Here's what you need to know...
Eat for what you're about to do. Carbs fuel intense
activity, so don't carb-up for bed or you may end up storing them instead of
burning them.
Do cardio in the morning before you've had any carbs. Tap
into fat stores without eating away at muscle by having amino acids (or
protein) pre-cardio.
Not all carbs work the same way. Broken down to their
smallest components, fructose goes straight to the liver while glucose
preferentially gets used in muscle cells. Keep tabs on fructose intake to keep
it from being stored as fat.
Visible Abs. Finally.
You're doing everything right: Banishing junk food, training
hard, adding in some cardio – but none of it seems to touch that spare tire
around your waist.
Don't save up for lipo just yet. When everything in your
regimen says you should have visible abs and yet you don't, try these tricks to
lean out.
Trick 1 – Dial-In Your Pre-Bed Meal
What did you eat before bed last night? What are you going
to eat before bed tonight?
It's important, because what you eat in the two hours prior
to bedtime has an enormous impact on your physique, especially when it comes to
fat loss.
Here's the rule: Eat for what you're about to do.

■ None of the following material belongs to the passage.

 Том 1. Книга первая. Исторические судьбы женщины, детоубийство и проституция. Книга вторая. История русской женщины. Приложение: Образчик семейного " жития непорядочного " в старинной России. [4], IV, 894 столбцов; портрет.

Most of us aren't going to go for a walk or move around much
during the two hours before hitting the sack. For that reason, we don't need to
eat a traditional bodybuilding meal at that time. Instead, we need to eat for
what we're about to do: not move very much.

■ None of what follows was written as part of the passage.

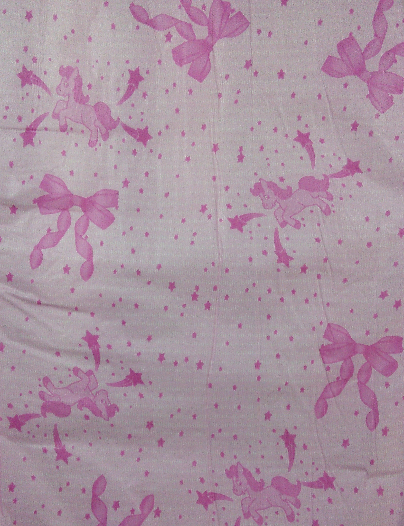 Pink plastic brief with dark pink ponies, ribbons, and stars. Wings and gathers are dark pink with white polka dots. The padding has circular bumps in a hex pattern.

More specifically, your carbohydrate needs are dramatically
diminished – arguably eliminated – when you're sleeping. Remember, carbs fuel
high-intensity exercise like weight-training and sprinting, and there's no such
thing as "high-intensity sleeping."
Fat, on the other hand, becomes the primary fuel source as
the intensity of exercise goes down. In fact, when you're sleeping you're
burning almost exclusively fat for fuel.
Therefore, feeding your body carbs prior to bed dramatically
increases the chance that the carbs are stored as opposed to being burned. And
if carbs aren't burned, they're either stored as glycogen or as fat.
If you happen to have weight-trained (cardio doesn't count)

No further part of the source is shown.